Last month, Turkey and Russia, largely on opposites sides of the Syrian civil war, struck an 11th-hour deal to prevent a military assault by President Bashar al-Assad’s forces on the last remaining rebel stronghold of Idlib in northwestern Syria. While the agreement, which was reached in the Russian Black Sea resort town of Sochi, won’t end the Syrian conflict, it buys some time to attempt to find a sustainable resolution in Idlib, where there are some 30,000 rebel fighters, perhaps a third of them al-Qaida-linked extremists. But if all things fail, Russian President Vladimir Putin has crafted the agreement in a manner that ensures he stays in the driver’s seat.

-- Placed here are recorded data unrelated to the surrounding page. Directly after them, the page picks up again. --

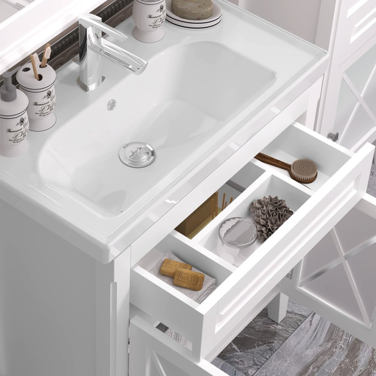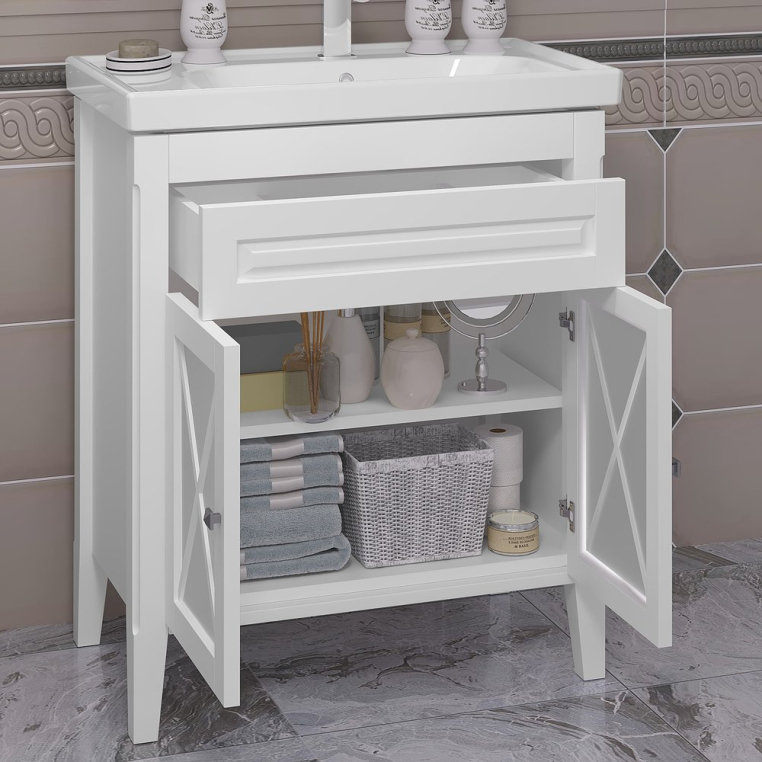Классический комплект «Палермо» выполнен в современном стиле. Гарнитур характеризуется строгостью линий и четкой геометрией, которая проявляется в оформлении матовых стеклянных фасадов. В комплект входят тумба с раковиной, зеркало и шкаф-пенал. Они изготовлены из экологически чистого влагостойкого массива бука. Для сборки используются современные комплектующие, произведенные в соответствии с европейскими стандартами. Тумба оснащена выдвижным ящиком с механизмом push open (открытие от нажатия) и дверцами с интегрированными доводчиками. В состав набора входит навесное зеркало в раме с декоративным карнизом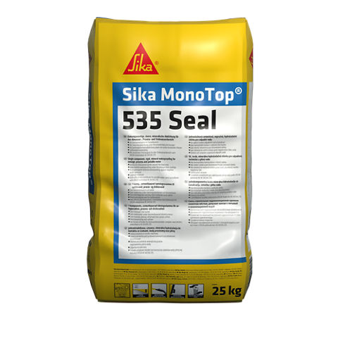 Sika MonoTop®-535 Seal ist eine einkomponentige, starre, mineralische Beschichtung auf Basis von Zement, ausgewählten feinen Quarzsand und speziellen Additiven, der leicht manuell oder maschinell in Schichtdicken von 2,0 bis 3,5 mm, mehrlagig bis max. 5 mm aufgebracht werden kann.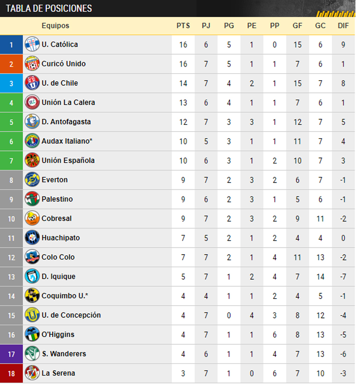 Se está jugando la fecha 7 del Campeonato Nacional y en esta jornada hubo tres partidos. Recordemos que este domingo no se jugará ningún duelo.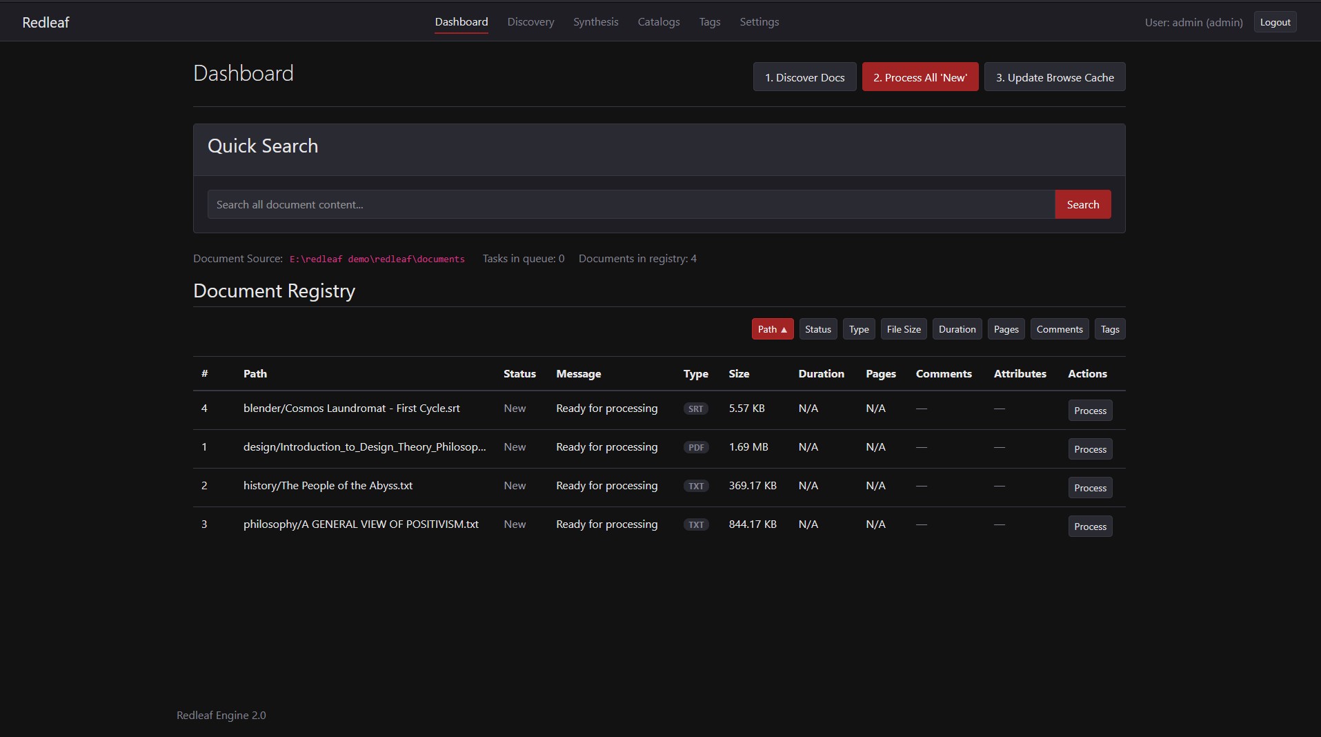 Because this runs in the background, you can continue to browse and use the Redleaf interface while your documents are processing.
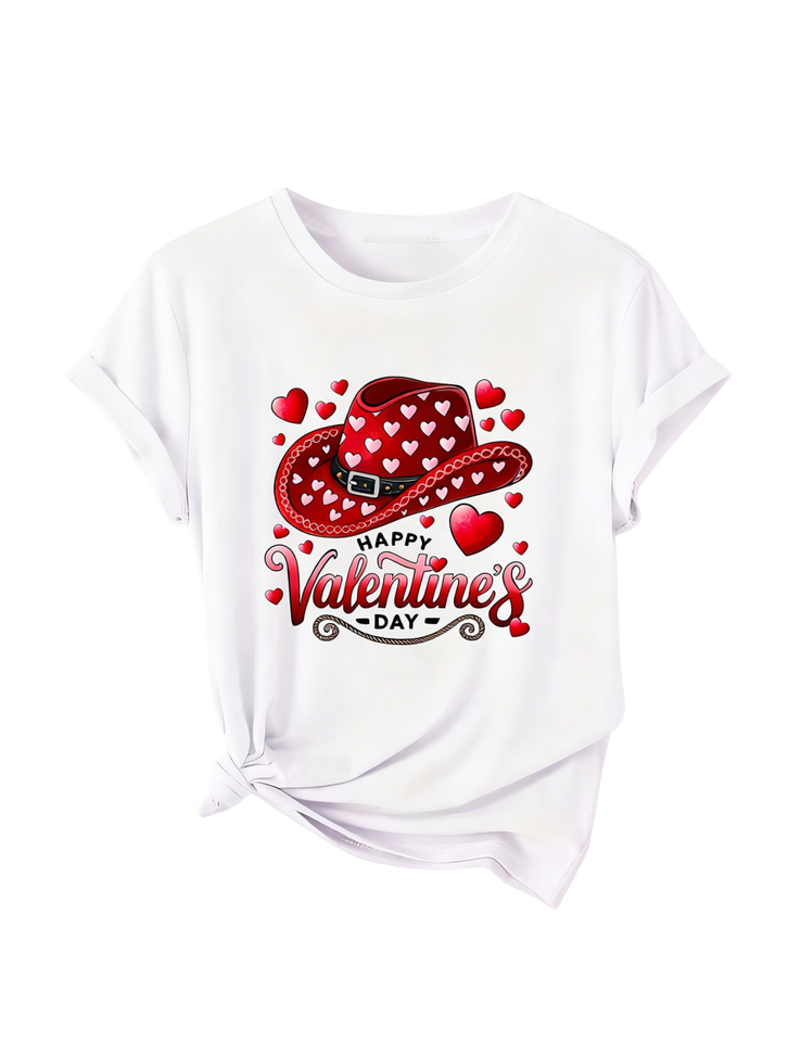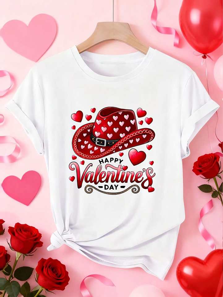 Valentine's Day Women's Short Sleeve Western Print T-Shirt Heart Cowboy Hat Round Neck Cotton Casual Top Spring Summer Autumn

Formally referred to as the Memorandum of Stabilization in the Idlib De-escalation Area, the Sept. 17 Sochi agreement is a 10-point plan that seeks to establish a demilitarized zone 15 to 20 kilometers deep inside rebel-held territory. Turkey gets to keep and reinforce the 12 observation posts it has erected in Idlib since 2017 to separate rebels from Syrian government forces. Under the terms of the agreement, heavy weapons must be cleared from the demilitarized zone by Oct. 10, while “all radical terrorist groups” have to be removed from the designated area by Oct. 15.
The international community has welcomed the deal, if only because it has put a halt to the imminent threat of a widescale humanitarian crisis that threatened the lives of some 3 million Syrian civilians, including approximately 1 million children.